Feature Normal VM (QEMU/KVM) gVisor (runsc --platform=kvm)
Guest OS Full Linux/Windows Kernel None (Sentry handles syscalls)
Syscall Handling Internal (handled inside the VM) External (triggers a VM-EXIT)
Hardware Virtual NIC, PCI, BIOS, Disks None (Only CPU and RAM)
Goal Run a separate OS Sandbox a single process
Isolation Hardware-level Hardware-level
Analogy A Whole House (with its own plumbing). A Glass Isolation Room in an existing hospital.

Why does gVisor do this?

By using KVM in this "weird" way, gVisor gets the security of a VM (the hardware enforces the boundary) but keeps the agility of a container (no extra kernel to manage, fast startup, and lower memory overhead). It uses KVM as a CPU-level filter rather than a machine emulator.

Which parts of KVM are used by gVisor? Which parts are not?

gVisor uses KVM as a "Thin Sandbox." It takes the isolation power of KVM (the hardware-enforced memory walls) but throws away the complexity of KVM (the hardware emulation). This allows gVisor to be much faster and lighter than a traditional VM while maintaining the same level of hardware-backed security.

While a normal VMM (Virtual Machine Monitor) like QEMU or Firecracker tries to use KVM to build a "Virtual Computer," gVisor uses KVM only to build a "Virtual CPU Jail."

What gVisor USES from KVM (The Core)

gVisor uses the parts of the KVM API that handle the CPU and RAM. These are the "raw" virtualization features:

  • VCPU Creation: It calls KVM_CREATE_VCPU. It needs KVM to manage the hardware registers (RAX, RIP, etc.) of the application thread.
  • Memory Mapping (EPT): It uses KVM to set up Extended Page Tables.

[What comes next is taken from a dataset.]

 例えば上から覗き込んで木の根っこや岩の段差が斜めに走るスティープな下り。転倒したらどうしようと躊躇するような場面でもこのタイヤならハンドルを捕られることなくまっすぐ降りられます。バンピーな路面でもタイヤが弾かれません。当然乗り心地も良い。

This is the hardware feature that prevents the application from seeing any memory that the Sentry hasn't explicitly given it.
  • The Run Loop: It uses KVM_RUN to tell the physical CPU: "Go into Guest Mode and execute this code until something happens."

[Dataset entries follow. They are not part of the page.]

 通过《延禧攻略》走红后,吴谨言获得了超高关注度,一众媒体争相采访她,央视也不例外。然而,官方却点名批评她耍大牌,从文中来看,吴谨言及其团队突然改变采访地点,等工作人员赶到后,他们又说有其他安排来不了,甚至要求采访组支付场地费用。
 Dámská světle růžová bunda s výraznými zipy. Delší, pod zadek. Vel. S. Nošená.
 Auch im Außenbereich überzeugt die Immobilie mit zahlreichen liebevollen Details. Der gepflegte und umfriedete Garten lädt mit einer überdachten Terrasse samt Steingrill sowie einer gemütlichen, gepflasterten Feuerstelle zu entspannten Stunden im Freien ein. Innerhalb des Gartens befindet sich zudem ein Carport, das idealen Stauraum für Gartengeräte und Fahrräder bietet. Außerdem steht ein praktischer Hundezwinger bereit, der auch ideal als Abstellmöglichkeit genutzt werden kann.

What gVisor SKIPS (The "Normal VM" stuff)

In a normal VM, KVM provides a massive amount of infrastructure to simulate a motherboard. gVisor ignores almost all of it:

  • Interrupt Controllers (APIC/PIC): Normal VMs need complex logic to handle hardware interrupts (like a mouse click or a disk finishing a task). gVisor doesn't have virtual hardware, so it doesn't need virtual interrupts.
  • I/O Port Emulation (IN / OUT): In a normal VM, the Guest OS talks to hardware using I/O ports. KVM intercepts these. gVisor applications don't use I/O ports; they use SYSCALL.
  • BIOS/UEFI: gVisor doesn't "boot." There is no virtual firmware.
  • Device Bus (PCI/USB): There are no virtual buses in gVisor.

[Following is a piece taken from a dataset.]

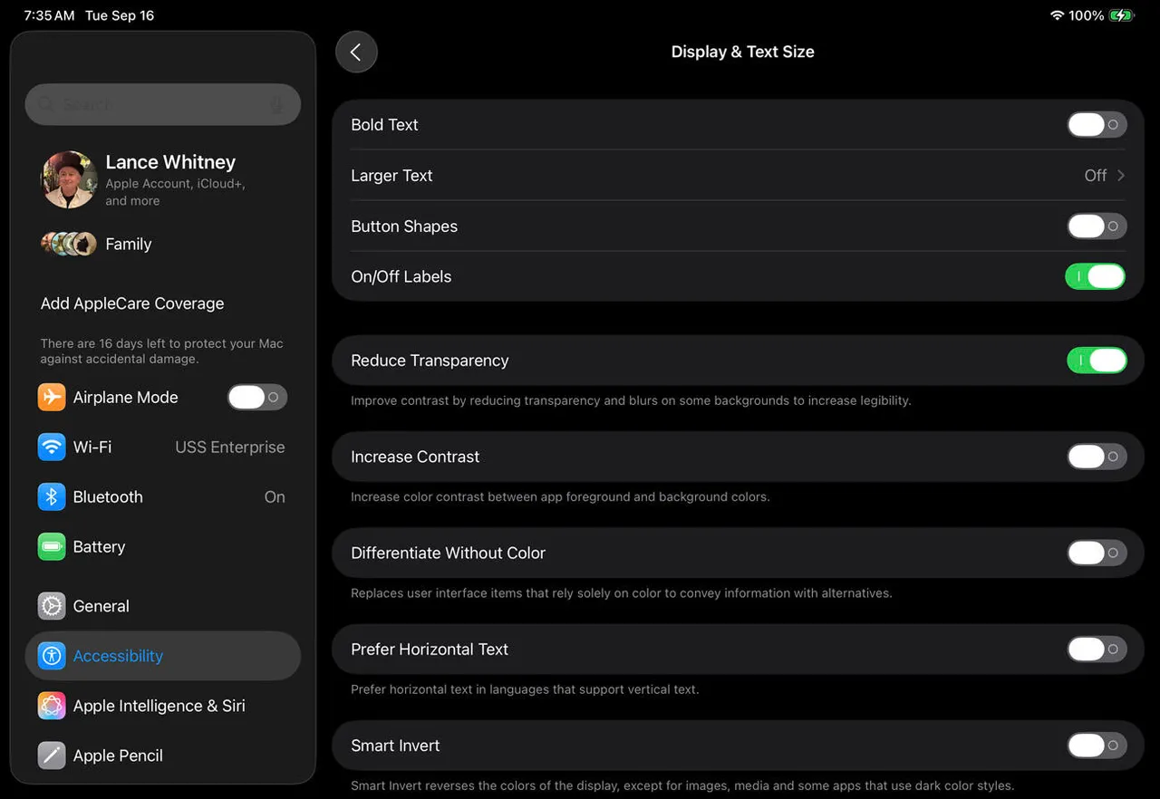 На iPad с iPadOS 26 процесс происходит точно так же. Зайдите в «Настройки» и выберите «Универсальный доступ». Перейдите на экран «Экран и размер текста» и включите параметр «Уменьшить прозрачность». Снова откройте любой главный экран с иконками и папками и посмотрите, нравится ли вам менее прозрачный вид.

The Technical "Twist": Syscalls vs. I/O

This is the most important technical distinction between gVisor and QEMU:

  • Normal VMM (QEMU): Configures KVM so that the Guest OS can handle its own system calls. KVM only exits to QEMU when the Guest OS tries to talk to Hardware (like a Virtual Disk).
  • gVisor VMM (runsc): Configures KVM so that it triggers a VM-EXIT on every System Call.
    • gVisor uses the KVM_SET_GUEST_DEBUG or specific intercept bits to ensure that as soon as the app hits the SYSCALL instruction, KVM hands control back to the Sentry.

Comparison: Role of KVM

Function Normal VM (QEMU/Firecracker) gVisor (runsc)
KVM Usage Full (CPU + RAM + Interrupts + I/O) Minimal (CPU + RAM only)
Virtual Hardware Yes (NIC, Disk, GPU, etc.) None
Guest OS Full Kernel (Linux/Windows) None (Only the App)
VM-EXIT Trigger Hardware I/O / Faults System Calls
The "VMM" QEMU (Large, C) Sentry (Slim, Go)

Is gVisor a VMM?

Yes. In the KVM model, runsc is the VMM.

In the Linux kernel's eyes, runsc is doing exactly what QEMU does: it is a user-space process that opened /dev/kvm and is calling ioctl commands to run code in a virtual context.

However, because runsc doesn't have to simulate a hard drive, a network card, or a power button, its "VMM" code is much smaller and more secure than QEMU. It uses KVM as a system call interceptor rather than a hardware emulator.